South Sudan’s First Vice President Riek Machar has rejected President Salva Kiir’s recent directive on the formation of a unified command structure, citing lack of consensus on the unilateral decision.
Kiir, in a decree issued on March 25, Kiir, called for unification of the army (SSPDF) and South Sudan National Police Service command structures.
The president’s directive was to be implemented with immediate effect.
Sources at the presidency claimed the South Sudanese leader was acting on a proposal given to him by the Chairman of Sudan’s Sovereign Council, Gen Abdel Fattah Al-Burhan during his recent visit to the capital, Juba.
In a statement read on the state-owned television (SSBC) on Friday, Kiir said at least three top command positions had been relinquished to dissident armed groups, including the armed opposition faction (SPLM/A-IO) led by Machar.
It, however, remains unclear as to which positions Kiir made reference to.
Sudanese publisher Sudan Tribune quotes multiple sources as having said that Kiir and his circles agreed to give positions of deputy chief of defence forces, Inspector General of South Sudan Police Forces and the assistant chief of defense forces for moral orientation to the dissident armed opposition.

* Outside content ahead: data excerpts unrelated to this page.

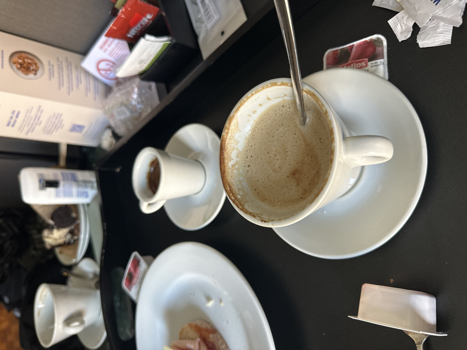 - "The image presents an indoor scene within a hospitality establishment in València, Spain, depicting a black serving tray holding breakfast or coffee items" by FM-71brN2, licensed under CC BY 4.0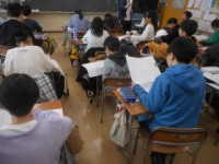 合唱の練習をしていました。その後、「失われた歌」の階名を教科書に書き込んでいまし...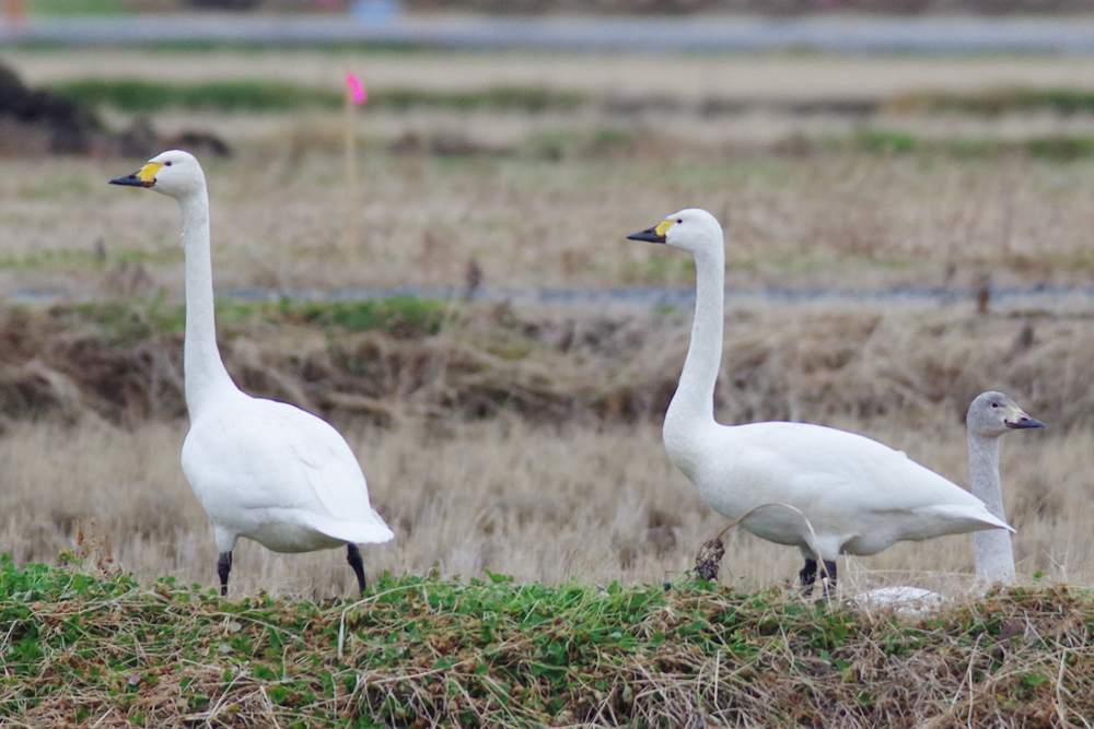ケセンで飛来する白鳥の多くはオオハクチョウのようです。 今までコハクチョウは見たことがありませんでした。口ばしの 黄色と黒が半々位が特徴です。白が成鳥で灰色は今年生まれの幼鳥です。

These three positions, they argued, would be divided by opposition groups, with Machar taking at least two positions in the command structure and South Sudan Opposition alliance (SSOA) taking one position. SSOA, sources say, aspired for at least two positions in the command structure.
Machar, however, rejected these arrangement, continuing to prefer equal distribution of the command structure as it was discussed at the workshop at which the details were discussed by the parties in 2018.
The armed opposition leader described President Kiir’s actions as “unilateral and undermined negotiations effort being facilitated by the guarantors”.
Machar, in a statement on Saturday, said the presidential decree was unilateral and a violation of the revitalized peace agreement on power-sharing.
Chapter II of the peace accord stipulates for the training and unification of the necessary 83,000 forces into one unified professionalism army. But many stakeholders have questioned peace parties on the slow implementation of this crucial chapter bearing all security arrangements which were supposed to be implemented before the formation of the coalition government.